Last week started off OK, but by the time we got to Wednesday things were on the way downhill. I had a flat tire just as I was pulling into the office driveway. I waited until my afternoon meetings to go out and change it. Surprise! There was one funny lug bolt that needed a special key piece that I dont have.

Public service announcement: If you have a special anti-theft lug bolt on each wheel, take some time to check and make sure you have the key adapter in your car. Do this ahead of time, before you end up needing it. If someone else put the tires on for you, check that they put the key back in the trunk with the wrench.

As it turns out the AAA guy was not able to get it off either, and the tire would not inflate at all (due to riding on the rims for the last quarter-mile or so). The dealership has the part but there are like 10 different patterns so you can’t just get a ride and go pick it up, they have to actually see the car to match it. (The manual has helpful advice for this circumstance – be sure to write down the code number (visible on the key itself) sometime before losing the key.)

After getting towed to the dealer, I got the $20 part and paid the $70 to the tow guy for the mileage beyond 5 miles. The towing guy was really nice. Also my friend JT from work drove along with me in case I needed a ride home, that was extra cool.

This week was index deployment week, which involves a lot of meetings. There were also a couple of meetings having to do with last week’s network maintenance. I don’t like having a lot of meetings… I prefer to be available to people as a resource, and take some of the extra overflow type of work and in general keep people happy and focused. Lots of meetings with people outside my group make me feel sort of cut off. Perhaps I should take a laptop to the meetings and stay connected with irc.

Most of the time that was not meetings on Thursday and Friday was taken up by helping to deploy a new product – it was delivered to us a week and a half ago but we didn’t have a chance to work on it until now, and Friday night was the deadline. So Trip and I stayed quite late on Thursday night to try and figure out why it wasn’t working (Trip was doing most of the heavy lifting and I was mainly moral support and research assistant).
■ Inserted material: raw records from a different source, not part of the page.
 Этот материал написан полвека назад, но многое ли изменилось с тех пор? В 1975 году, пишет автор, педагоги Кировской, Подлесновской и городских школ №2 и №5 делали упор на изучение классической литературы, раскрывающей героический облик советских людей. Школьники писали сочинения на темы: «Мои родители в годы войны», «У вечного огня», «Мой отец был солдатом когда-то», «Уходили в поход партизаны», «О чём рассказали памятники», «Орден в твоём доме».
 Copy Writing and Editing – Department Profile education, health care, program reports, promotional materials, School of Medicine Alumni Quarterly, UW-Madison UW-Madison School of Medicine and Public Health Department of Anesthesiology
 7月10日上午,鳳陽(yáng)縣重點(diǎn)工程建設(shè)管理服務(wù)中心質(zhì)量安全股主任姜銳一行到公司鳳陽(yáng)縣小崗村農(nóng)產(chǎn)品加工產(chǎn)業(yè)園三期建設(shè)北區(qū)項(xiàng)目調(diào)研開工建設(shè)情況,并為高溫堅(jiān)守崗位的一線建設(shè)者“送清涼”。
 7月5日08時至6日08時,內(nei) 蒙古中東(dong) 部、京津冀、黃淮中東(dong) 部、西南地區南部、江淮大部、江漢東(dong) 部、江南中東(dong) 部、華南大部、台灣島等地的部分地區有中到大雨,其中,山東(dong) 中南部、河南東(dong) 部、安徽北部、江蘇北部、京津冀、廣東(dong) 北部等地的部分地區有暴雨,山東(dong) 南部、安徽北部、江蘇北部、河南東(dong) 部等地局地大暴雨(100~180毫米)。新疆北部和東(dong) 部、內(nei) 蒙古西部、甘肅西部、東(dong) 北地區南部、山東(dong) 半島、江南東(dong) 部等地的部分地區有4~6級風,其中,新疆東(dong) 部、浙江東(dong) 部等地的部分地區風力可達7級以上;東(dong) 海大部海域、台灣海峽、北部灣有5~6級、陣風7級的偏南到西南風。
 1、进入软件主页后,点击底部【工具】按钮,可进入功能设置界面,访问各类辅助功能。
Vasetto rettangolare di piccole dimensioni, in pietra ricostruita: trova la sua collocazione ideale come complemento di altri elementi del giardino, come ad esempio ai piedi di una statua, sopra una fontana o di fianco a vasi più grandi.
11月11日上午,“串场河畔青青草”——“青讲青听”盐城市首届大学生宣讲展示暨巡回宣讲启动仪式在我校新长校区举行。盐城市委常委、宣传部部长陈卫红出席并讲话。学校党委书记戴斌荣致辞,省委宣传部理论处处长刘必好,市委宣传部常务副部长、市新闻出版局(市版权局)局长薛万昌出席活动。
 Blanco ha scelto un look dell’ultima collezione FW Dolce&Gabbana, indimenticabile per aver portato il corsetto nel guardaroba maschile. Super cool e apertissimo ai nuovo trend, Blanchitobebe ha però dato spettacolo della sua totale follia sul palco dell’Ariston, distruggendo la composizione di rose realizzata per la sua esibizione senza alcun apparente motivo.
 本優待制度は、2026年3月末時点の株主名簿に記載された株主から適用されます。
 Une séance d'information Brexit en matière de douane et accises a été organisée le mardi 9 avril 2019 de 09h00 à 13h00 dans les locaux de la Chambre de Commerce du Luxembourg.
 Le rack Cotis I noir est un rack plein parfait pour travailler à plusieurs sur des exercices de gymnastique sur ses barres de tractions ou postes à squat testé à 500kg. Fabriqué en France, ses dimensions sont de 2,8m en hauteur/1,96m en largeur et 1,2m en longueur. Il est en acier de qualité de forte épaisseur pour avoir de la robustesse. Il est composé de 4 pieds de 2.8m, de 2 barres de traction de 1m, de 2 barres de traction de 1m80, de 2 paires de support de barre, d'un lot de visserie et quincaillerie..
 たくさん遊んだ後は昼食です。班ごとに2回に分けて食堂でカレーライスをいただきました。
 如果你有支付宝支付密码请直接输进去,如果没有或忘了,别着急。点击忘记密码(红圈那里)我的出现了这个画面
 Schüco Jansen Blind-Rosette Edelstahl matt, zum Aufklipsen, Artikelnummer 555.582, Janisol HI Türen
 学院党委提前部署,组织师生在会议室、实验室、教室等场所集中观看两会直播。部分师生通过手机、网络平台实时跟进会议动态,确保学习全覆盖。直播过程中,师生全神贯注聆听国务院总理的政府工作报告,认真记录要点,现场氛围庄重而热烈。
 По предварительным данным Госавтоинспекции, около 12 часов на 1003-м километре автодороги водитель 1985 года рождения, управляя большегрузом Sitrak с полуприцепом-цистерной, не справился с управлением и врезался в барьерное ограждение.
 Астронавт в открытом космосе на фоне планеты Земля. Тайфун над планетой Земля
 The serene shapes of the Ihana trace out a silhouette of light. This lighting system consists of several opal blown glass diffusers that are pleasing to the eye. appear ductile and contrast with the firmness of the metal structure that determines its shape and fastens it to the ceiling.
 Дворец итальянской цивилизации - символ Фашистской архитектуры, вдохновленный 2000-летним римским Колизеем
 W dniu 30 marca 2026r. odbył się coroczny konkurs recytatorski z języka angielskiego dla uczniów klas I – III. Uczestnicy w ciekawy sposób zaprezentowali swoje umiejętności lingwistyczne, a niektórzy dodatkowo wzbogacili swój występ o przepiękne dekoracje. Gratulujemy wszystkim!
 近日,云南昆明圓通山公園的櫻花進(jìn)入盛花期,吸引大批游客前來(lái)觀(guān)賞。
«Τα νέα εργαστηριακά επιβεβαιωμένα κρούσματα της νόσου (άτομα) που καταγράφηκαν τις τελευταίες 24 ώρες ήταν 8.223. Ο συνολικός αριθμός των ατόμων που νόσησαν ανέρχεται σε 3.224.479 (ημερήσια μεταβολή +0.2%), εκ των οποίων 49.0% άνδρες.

After getting the data rate up from being stuck at 4 megabits we were able to get it up to like 8 or 9 (the theoretical max is 50 because we are running two copies at once to the same machine). This was not enough to meet our deadline but it would probably finish Saturday, and our other deployment was likely to run over a bit too.) So we called it “ok for now” but decided we should regroup with the R&D folks Friday morning when they got back in the office.

Friday was a lot of stuff relating to the index deployment, which went pretty smoothly other than the new product - for the sake of discussion let’s refer to the new product as Opique (not its real name). The engineers told us mostly what we had figured out on our own the night before (about allocating more memory for TCP buffers). There was one engineer who seems to always want to blame shit on other people (we’ll call him Firzin, though that is not his real name). He kept going on about why we waited a week and a half to start – I accepted as to how that was our mistake, but also mentioned that this product has never seen any QA and the type of problems we were finding should have been found by testing before. The engineer who created the thing (we’ll call him Prishanth, again not his real name) seemed strangely silent through the whole affair.

Later in the afternoon, we discovered part of the reason our copies were slow was due to some bad network hardware (one piece was replaced post-haste, the other was not flaky enough to be called an “emergency” so it will be replaced later.) After replacing network hardware, our copies continued without a hitch, but with only modest improvement. Apparently the problem with the network had started the night before, and (shocker!) there don’t seem to be any monitors for packet loss around, just monitors that tell you if a piece of equipment stops responding completely. Our network infrastructure is mostly clean and healthy, but when something goes wrong it is not easy to discover. Le sigh.

Anyway, we stayed a bit late Friday, dealing with a couple pieces of equipment that had gone down completely and their copying needed to be restarted. The deployment looked as if it would edge into Saturday morning, so we all went home. However, I kept working on the Opique product from home, monitoring the transfers, sending status reports, creating multiple scripts to monitor the data rate, creating spreadsheets, etc. Finally I went to bed at 1 am and set the alarm for 6:00.

Saturday morning, we deployed the index at 7:00 am. Everything went swimmingly. After flipping on, I went back to working on Opique, which ate up much of my day Saturday, except for a brief trip to Fry’s. The copying was still going on all day Saturday and looked like it would not be done until Sunday (and New York would probably be Monday). One server crashed Saturday night and I took great pains to restart the copy partway through – something that the product doesn’t support as-is but I was able to modify the script to support partial copying.

Sunday, more of the same, checking the copies. Most of them were done though there was one server that had crashed (same one again) so I summoned Dale to take a look in the afternoon. I spent most of the morning and afternoon puzzling over the flip-on script, which is supposed to switch on the new data just copied. After spending some time reading the directions and playing with it, I took a look at the source to see why it wasn’t flipping on, and it turns out there is no flip-on feature (like, at all). So flipping on consisted of logging on to each server, renaming a file, and creating a symlink to it, then stopping and starting the program. Sounds like a pretty easy thing to script, but it just wasn’t. After staring at the scripts we were given for an hour or two, I bypassed the script entirely and managed to get it flipped on manually. Finally, I found that two of the machines in the second stage copy wouldn’t start copying – this turned out to be another bug. It turns out that if your config file contains “opique.1” and “opique.11” then doing a grep for “opique.1” will get duplicates, imagine that. Someone should probably check for that type of thing in QA - but wait, there was no QA this time, we skipped it in honor of Lent. (OK, that was cynical, but finding problems with this product is like shooting fish in a barrel).

OK, so here I am, most of my weekend shot, laundry not done, and it’s about time to go to bed. Thanks for listening to the ramble. :)